Viewing: osd-zfs.fzap_blockshift.4

.TH OSD-ZFS.FZAP_BLOCKSHIFT 4 2026-03-20 "Lustre" "Lustre Tunable"
.SH NAME
osd-zfs.fzap_blockshift \- control ZFS OSD FatZAP leaf block size
.SH SYNOPSIS
.SY "lctl set_param"
.BI osd-zfs. FSNAME -*.fzap_blockshift= SHIFT_BITS
.YS
.SY "lctl get_param"
.BI osd-zfs. FSNAME -*.fzap_blockshift
.YS
.SS PROPERTIES
.TP
.B Access Permissions
.br
.BR 644 | -rw-r--r--
.TP
.B Scope
.br
Per-MDT and OST device.
.TP
.B Config
.br
.B osd-zfs.*.fzap_blockshift
is always present for MDT and OST devices.
.TP
.B Default
.br
.RB fzap_blockshift= 13
.TP
.B Valid Range
.br
.RB fzap_blockshift= 9
.br
.RB fzap_blockshift= 24
.SH DESCRIPTION
.B fzap_blockshift
controls the leaf block size used when creating ZFS FatZAP objects
(directories, OI tables, and indexes) on a per-OSD basis.

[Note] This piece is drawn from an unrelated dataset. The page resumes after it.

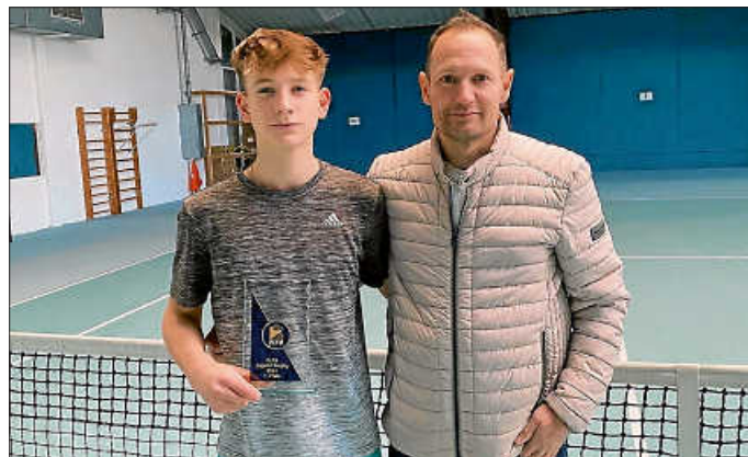
Vincent mit dem Pokal und seinem Vater

This can be useful to optimize the directory performance to match
the ZFS VDEV geometry and underlying storage technology.
.PP
.I SHIFT_BITS
is the number of bits to shift, not the block size in bytes.
For example, to use 8KiB blocks, set
.I SHIFT_BITS
to 13 (2^13 = 8192), not 8192 or 8K.
.PP
The value of 13 or 14 (8K or 16K blocks) provides a reasonable middle ground
for most pool layouts. Smaller values can reduce per-directory overhead
but may increase parity overhead depending on the pool topology.

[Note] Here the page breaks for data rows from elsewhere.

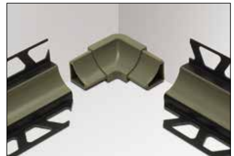
Innenecke I2 (2 Abgänge)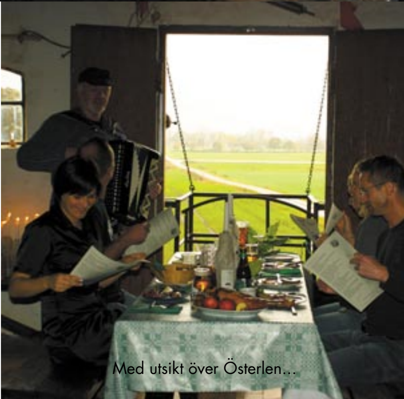
Med utsikt över Österlen...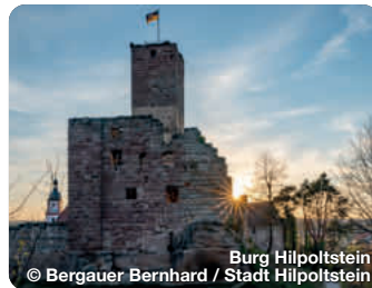
Burg Hilpoltstein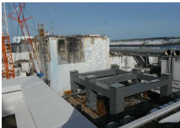
② 第1節部分の完了（平成25年1月14日）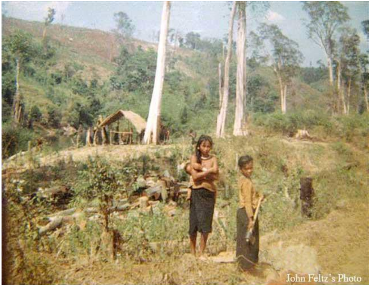
Montagnard people of Song Be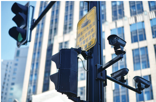
■ 原来分散的各类杆件设施全部整合到新建的综合杆上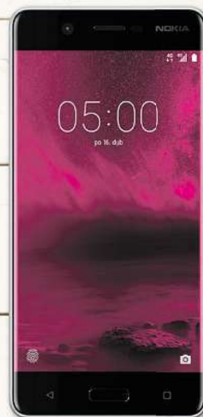
Nokia 5 k tarifu L za 1 Kč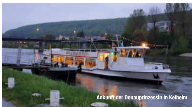
Ankunft der Donauprinzessin in Kelheim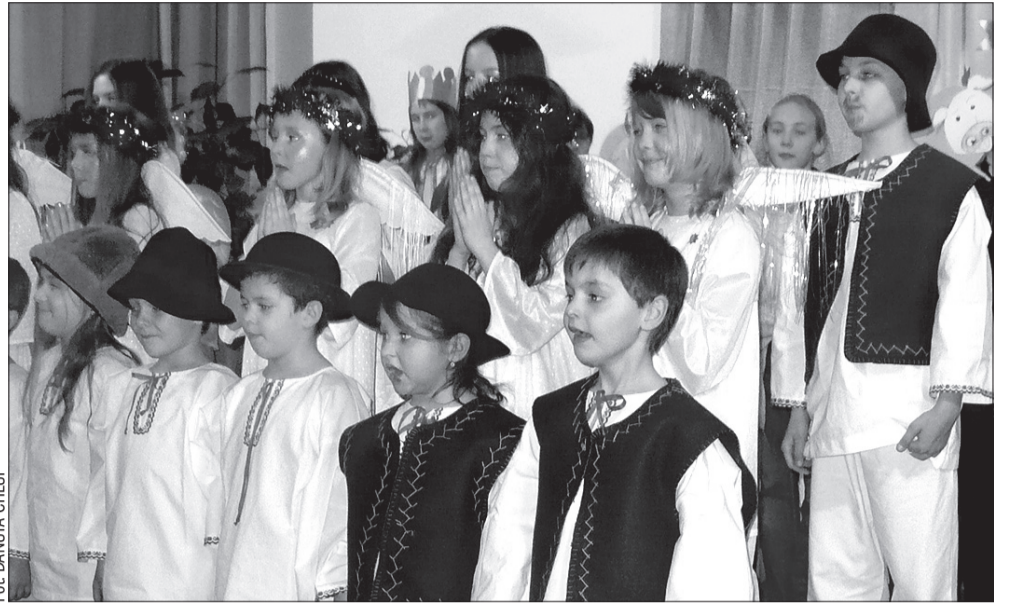
Uczniowie PSP w Suchej Górnej wystawili jasełka dla rodziców i kolegów z zaprzyjaźnionych szkół z Polski.

brała udział w jasełkach, pojedzie na jednodniową wycieczkę do ośrodka narciarskiego w Mostach koło Jabłonkowa.

.SS POOL TOPOLOGY CONSIDERATIONS
The optimal value for
.B fzap_blockshift
depends heavily on the pool layout or geometry:
.TP
.B Mirror (RAID10) pool:
For pools configured as collections of mirrors (RAID10), smaller
blockshift values are generally better. Smaller blocks reduce
per-directory space overhead without significant parity penalties
since mirrors do not have parity overhead per block.
.TP
.B Pool with Special Devices:
For pools with a special device configured as a mirror, smaller
blockshift values are generally better. The special device absorbs
small random metadata writes efficiently, eliminating the dRAID
stripe padding penalty.
.TP
.B RAIDZ or dRAID pool:
For pools using RAIDZ or dRAID VDEVs, the optimal blockshift should be
chosen to match or exceed the effective stripe width of the VDEV to
avoid partial stripe writes.
.PP
To determine the ashift and VDEV layout of your pool:
.PP
.B   zdb -C <poolname> | grep -E 'ashift|type|nparity|ndata'
.PP
or:
.PP
.B   zpool status -v <poolname>
.TP
.B Other pool layouts:
The default value (13) is suitable for most pool layouts.
.SH NOTES
This tunable affects all newly created ZAP objects on the OSD instance.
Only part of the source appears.